And now the whole front yard was aflame with brilliant flowers in their season. The orchard had been pruned and trimmed and grafted, and in the spring presented a foreground of wonderful pink and white splendor; and at all seasons of the year the grassy drive wound its way up to the old house, through a vista of branches, green, or brown.

It had long been in Michael's heart to build over the old house—for what he did not know. Certainly he had no hope of ever using it himself except as a transitory dwelling; yet it pleased his fancy to have it as he dreamed it out. Perhaps some day it might be needed for some supreme reason, and now was the time to get it ready. So one day he took a great and simple-hearted architect down to the place to stay overnight and get an idea of the surroundings; and a few weeks later he was in possession of a plan that showed how the old house could be made into a beautiful new house, and yet keep all the original outlines. The carpenter, pleased with the prospect of doing something really fine, had undertaken the work and it was going forward rapidly.

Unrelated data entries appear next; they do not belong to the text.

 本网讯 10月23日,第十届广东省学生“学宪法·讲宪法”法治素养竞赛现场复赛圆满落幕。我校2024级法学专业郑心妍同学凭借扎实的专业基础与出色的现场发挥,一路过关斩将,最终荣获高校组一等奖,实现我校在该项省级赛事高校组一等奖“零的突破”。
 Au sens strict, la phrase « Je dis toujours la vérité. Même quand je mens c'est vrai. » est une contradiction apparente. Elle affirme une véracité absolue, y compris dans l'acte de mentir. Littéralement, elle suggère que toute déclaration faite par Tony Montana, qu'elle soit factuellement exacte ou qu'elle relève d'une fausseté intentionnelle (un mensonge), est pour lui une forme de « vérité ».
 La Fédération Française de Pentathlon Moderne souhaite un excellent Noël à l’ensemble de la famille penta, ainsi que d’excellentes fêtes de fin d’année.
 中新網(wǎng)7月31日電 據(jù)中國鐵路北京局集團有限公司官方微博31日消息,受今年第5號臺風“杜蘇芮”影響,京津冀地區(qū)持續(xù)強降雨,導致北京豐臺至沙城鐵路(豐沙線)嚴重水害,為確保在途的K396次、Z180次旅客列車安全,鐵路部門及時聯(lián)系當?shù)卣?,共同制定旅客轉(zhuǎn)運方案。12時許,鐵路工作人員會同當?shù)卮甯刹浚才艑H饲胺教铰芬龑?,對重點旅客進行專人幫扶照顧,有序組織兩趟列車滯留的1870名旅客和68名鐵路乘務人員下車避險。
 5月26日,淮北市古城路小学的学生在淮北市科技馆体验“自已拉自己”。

The main walls were to be built around with stone, old stone bought from the ruins of a desolated barn of forgotten years, stone that was rusty and golden and green in lovely mellow tones; stone that was gray with age and mossy in place; now and then a stone that was dead black to give strength to the coloring of the whole. There were to be windows, everywhere, wide, low windows, that would let the sunlight in; and windows that nestled in the sloping, rambling roofs that were to be stained green like the moss that would grow on them some day. There was to be a piazza across the entire front with rough stone pillars, and a stone-paved floor up to which the orchard grass would grow in a gentle terrace. Even now Sam and his helpers were at work starting rose vines of all varieties, to train about the trellises and twine about the pillars. Sam had elected that it should be called “Rose Cottage.” Who would have ever suspected Sam of having any poetry in his nature?

The great stone fireplace with its ancient crane and place to sit inside was to be retained, and built about with more stone, and the partitions between the original sitting-room and dining-room and hall were to be torn down, to make one splendid living-room of which the old fireplace should be the centre, with a great window at one side looking toward the sea, and a deep seat with book cases in the corner. Heavy beams were somehow to be put in the ceiling to support it, and fine wood used in the wainscoting and panelling, with rough soft-toned plaster between and above. The floors were to be smooth, wide boards of hard wood well fitted.

A little gable was to be added on the morning-side of the house for a dining-room, all windows, with a view of the sea on one side and the river on the other. Upstairs there would be four bedrooms and a bath-room, all according to the plan to be white wainscoting half-way up and delicately vined or tinted papers above.

Michael took great pleasure in going down to look at the house, and watching the progress that was made with it, as indeed the whole colony did. They called it “The Boss's Cottage,” and when they laid off work at night always took a trip to see what had been done during the day, men, women and children. It was a sort of sacred pilgrimage, wherein they saw their own highest dreams coming true for the man they loved because he had helped them to a future of possibilities. Not a man of them but wistfully wondered if he would ever get to the place where he could build him a house like that, and resolved secretly to try for it; and always the work went better the next day for the visit to the shrine.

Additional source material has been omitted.